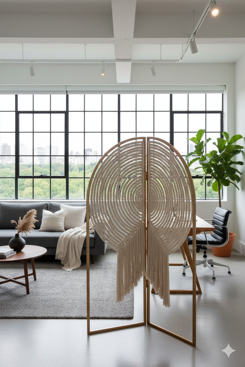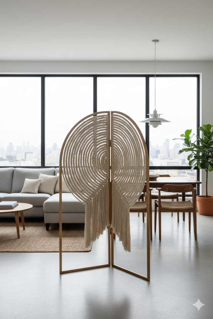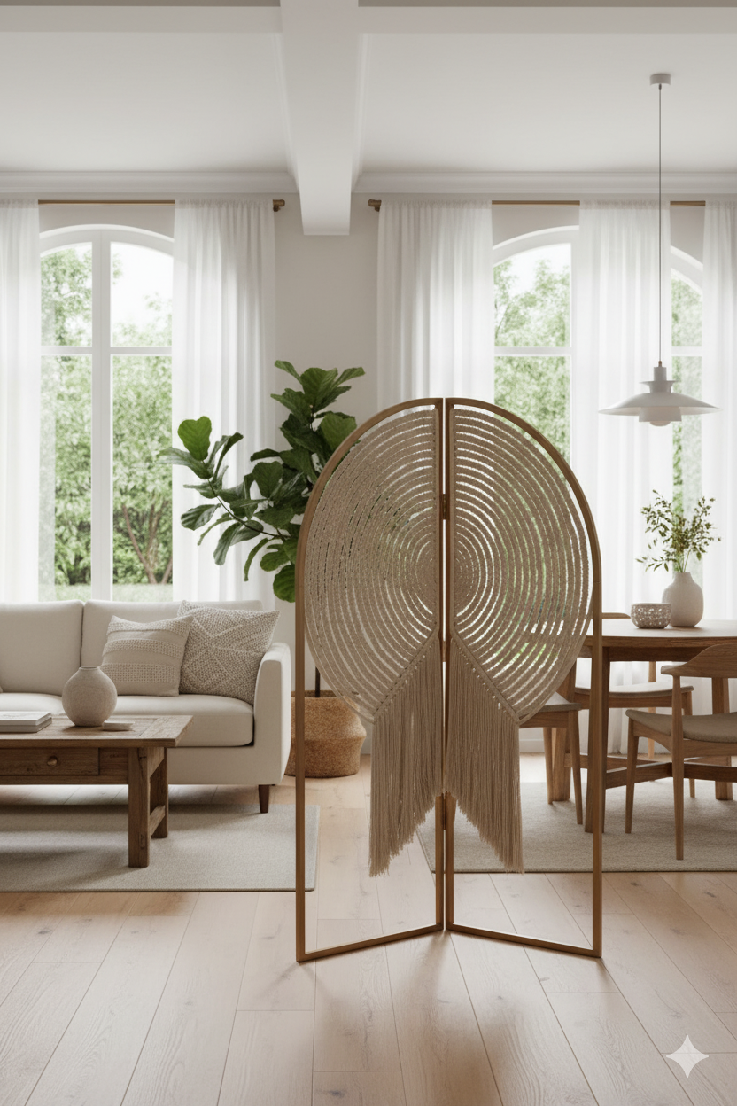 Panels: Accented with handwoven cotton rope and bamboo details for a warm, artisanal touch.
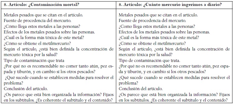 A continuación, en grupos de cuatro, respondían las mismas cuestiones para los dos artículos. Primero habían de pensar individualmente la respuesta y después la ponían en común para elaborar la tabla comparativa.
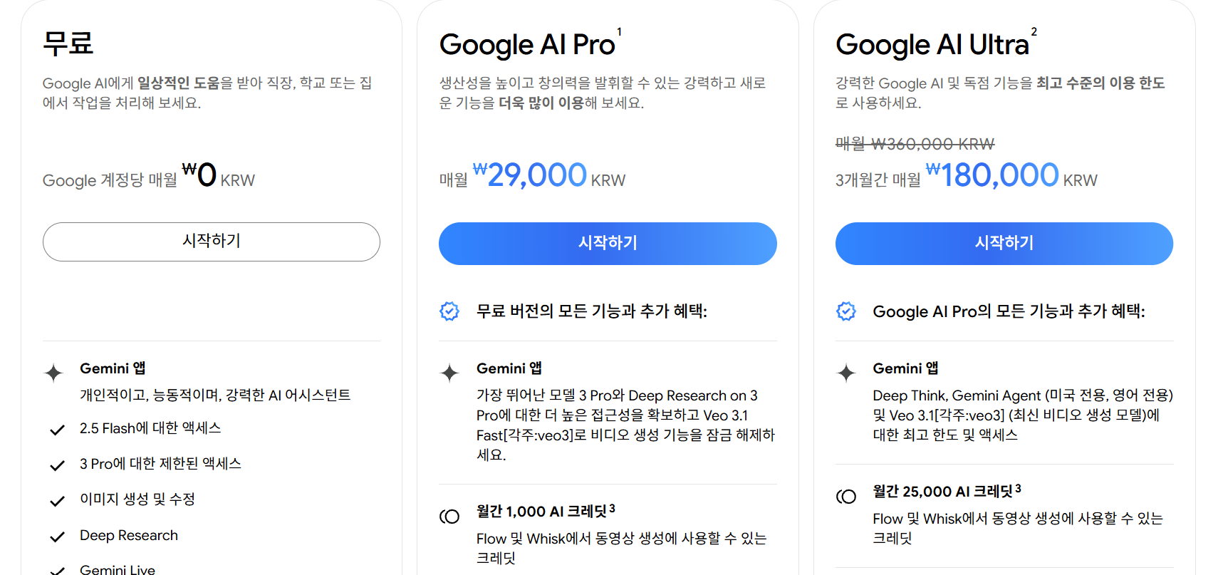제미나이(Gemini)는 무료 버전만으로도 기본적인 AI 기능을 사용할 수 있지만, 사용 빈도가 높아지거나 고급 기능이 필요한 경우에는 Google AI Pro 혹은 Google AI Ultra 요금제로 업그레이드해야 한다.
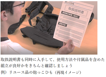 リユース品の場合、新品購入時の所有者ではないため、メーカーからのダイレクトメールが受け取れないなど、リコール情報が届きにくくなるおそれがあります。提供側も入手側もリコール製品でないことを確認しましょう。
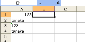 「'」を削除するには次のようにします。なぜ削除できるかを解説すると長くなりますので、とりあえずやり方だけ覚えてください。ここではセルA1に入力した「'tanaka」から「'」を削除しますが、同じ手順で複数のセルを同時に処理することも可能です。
====
TO DO – The entries above should be retyped word for word, with all pictures omitted.

WRITTEN SOLUTION –
 Panels: Accented with handwoven cotton rope and bamboo details for a warm, artisanal touch.
 A continuación, en grupos de cuatro, respondían las mismas cuestiones para los dos artículos. Primero habían de pensar individualmente la respuesta y después la ponían en común para elaborar la tabla comparativa.
제미나이(Gemini)는 무료 버전만으로도 기본적인 AI 기능을 사용할 수 있지만, 사용 빈도가 높아지거나 고급 기능이 필요한 경우에는 Google AI Pro 혹은 Google AI Ultra 요금제로 업그레이드해야 한다.
 リユース品の場合、新品購入時の所有者ではないため、メーカーからのダイレクトメールが受け取れないなど、リコール情報が届きにくくなるおそれがあります。提供側も入手側もリコール製品でないことを確認しましょう。
 「'」を削除するには次のようにします。なぜ削除できるかを解説すると長くなりますので、とりあえずやり方だけ覚えてください。ここではセルA1に入力した「'tanaka」から「'」を削除しますが、同じ手順で複数のセルを同時に処理することも可能です。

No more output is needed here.